For people wanting to build their inground pool on a budget, vinyl pools offer an affordable option to build an outdoor oasis. Also known for their stain resistance, vinyl pools have the smoothest surface of the three styles of inground pools. One drawback to building a vinyl pool is that vinyl pool liners might need to replaced about every 10 years.
The creativity available in building concrete inground pools makes them the most popular option, even though they are the most expensive to build of the three styles. Concrete pools utilize quick-dry concrete to fill in the area that has been excavated for the pool. After work begins in filling in the area, it must be completed in short order — approximately 30 minutes. The base of the pool needs to conform to a prearranged design, but the stairs and entry areas of concrete pools can be decided on in a freehand manner.
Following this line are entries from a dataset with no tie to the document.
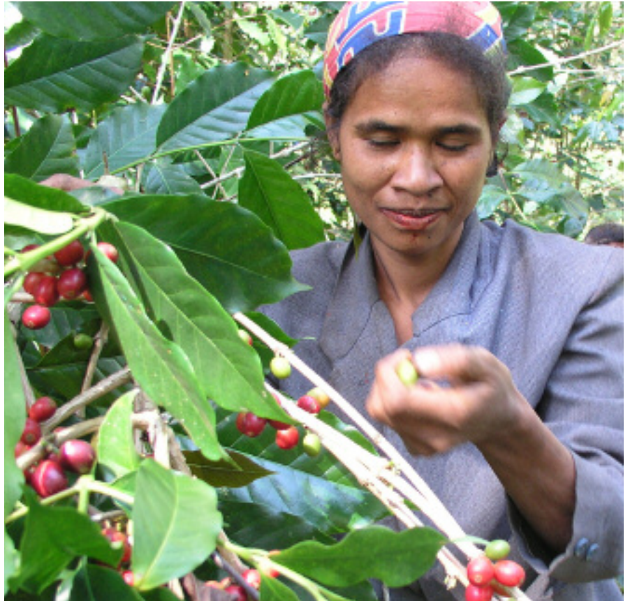
East Timor coffee farmers expand sales by identifying potential markets for certified organic coffee.

The United States is the largest single-country donor of TCB assistance, providing over $1.34 billion in 2005, up from $921.2 million in 2004. The United States' Millennium Challenge Account (MCA) contributed to TCB funding for the first time this year, complementing on-going U.S. programs. In addition, we continue our strong support for the trade-related programs of the multilateral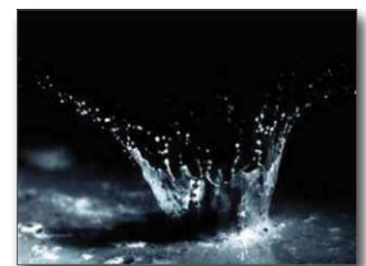
Figure 12. Impact of rainfall

Grass, wildflower, or native plant seeds appropriate for the soil and climate can be mixed into the compost. Although seed can be broadcast on the compost blanket after installation, it is typically incorporated into the compost before it is applied, to ensure even distribution of the seed throughout the compost and to reduce the risk of the seed being washed from the surface of the compost blanket by stormwater. Wood chips may also be added to reduce the erosive effect of rainfall's impact energy.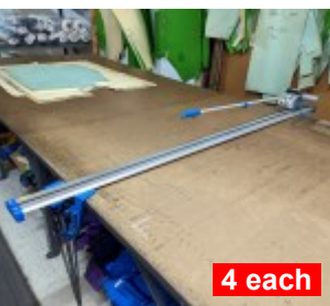
Maimin End Cutter Table Top End Cutter Adjustable to 72" Width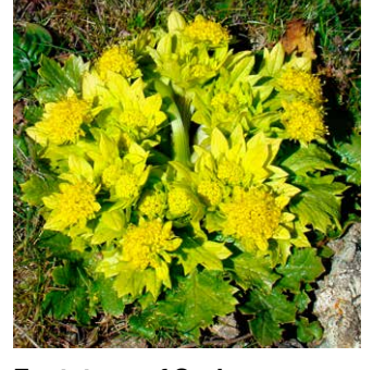
Footsteps of Spring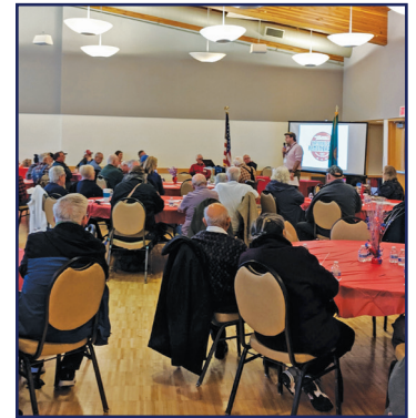
A Full Room at the Richland, Washington NDR Honoring Hanford Workers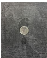
Alex Kwartler ≈9:00 - 10:00 pm, n.d. (with tuna) , 2022 Oil on linen with tin can 20h x 16w in 50.80h x 40.64w cm ALK-22-01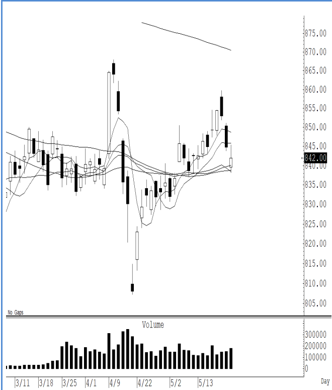
S50M24 (Close 842.00 Chg -2.80)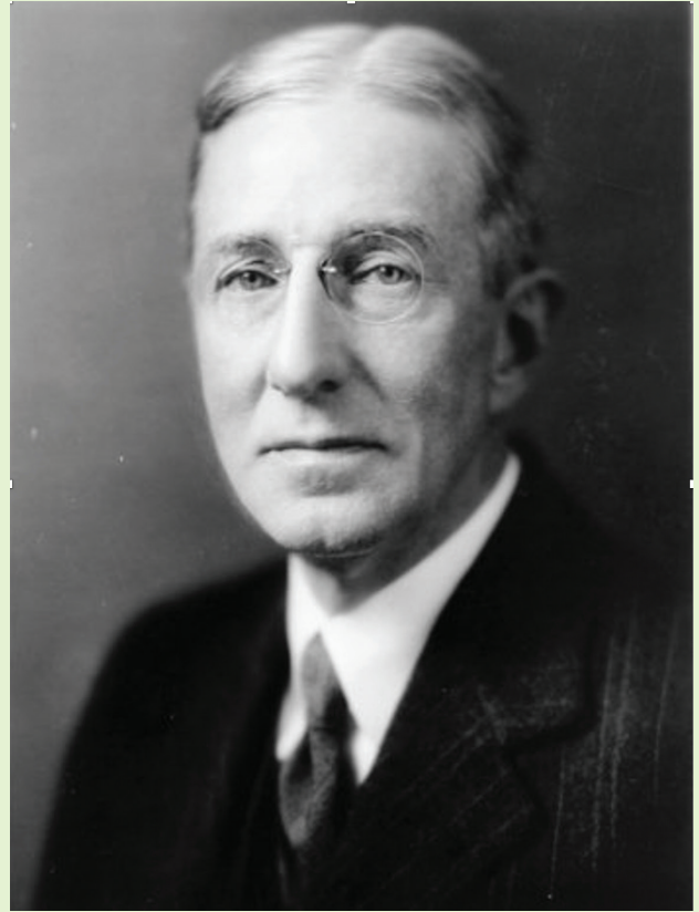
The partnership between the National Park Service and the US Public Health Service was formalized in 1921 during the tenure of NPS Director Stephen T. Mather (left) and Vice Admiral Hugh S. Cumming, the surgeon general (right).

The formal agreement was put in place between NPS Director Stephen Mather and Vice Admiral Hugh S. Cumming, the fifth US surgeon general. The intent was to provide sanitary engineers, physicians, and nurses of PHS to: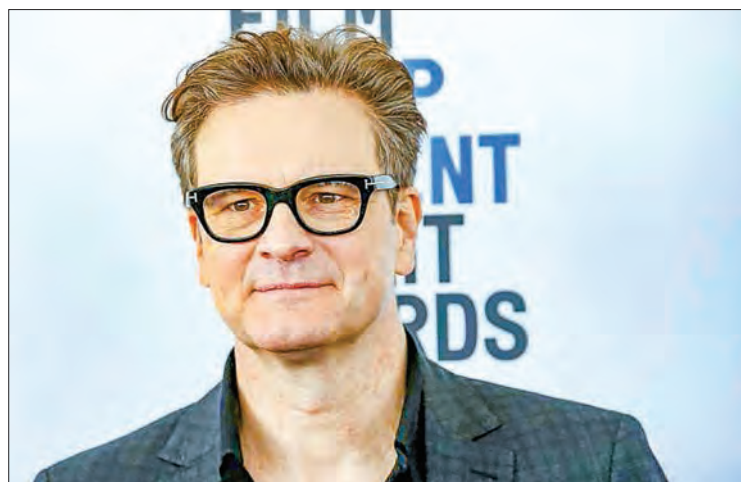
Actor Colin Firth arrives at the 2017 Film Independent Spirit Awards in Santa Monica, California, US, on 25 February, 2017.

"We never really thought much about our different pass-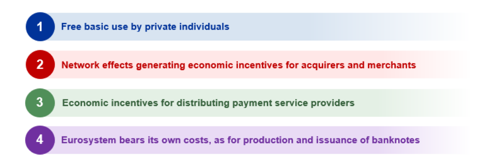
Figure 2: Eurosystem proposal for core principles for a compensation model

While the compensation model for a digital euro will be an important element of the legislative framework for a digital euro, to be decided by co-legislators, the Eurosystem has proposed a set of four core principles.<sup>15</sup> First, as a public good, a digital euro should be free of charge for basic use of private individuals for their day-to-day purposes. Second, legislative safeguards should prevent merchants from being overcharged by intermediaries. Third, intermediaries should still be compensated for the services they provide,<sup>16</sup> just as they are for other digital payments. Finally, the Eurosystem would bear its own costs.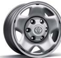
16-in. styled steel wheel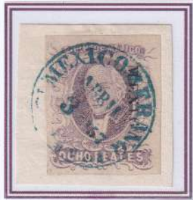
MEXICO@ CLICHE STAMP SZ 824A Cancel in blue not recorded. Illustrated in Schatzkes ONLY KNOWN

Maintenance of concrete pools can be costly because the concrete starts to crack and stain and might require a refinishing of the pool surface.
Popular styles of these inground pools include lap pools, which are seen in many workout facilities; diving pools, which are a favorite of public pools; play pools, which are used for water sports and best for little children because of their limited depth; the combination spa and pool seen at many resorts and hotels; and geometrically shaped pools that can accentuate the design of a backyard.
No matter which type of inground pool a prospective builder decides upon, it must be equipped with a pump, filter, drains, returns, plastic piping and a chemical feeder. Also, buyers should take the time to conduct the research needed to learn the pros and cons of each style and the company that will be used to build the pool. The company's prior work and warranty policies should be studied, and the costs before and after building the pool should be understood before any inground pool project is started.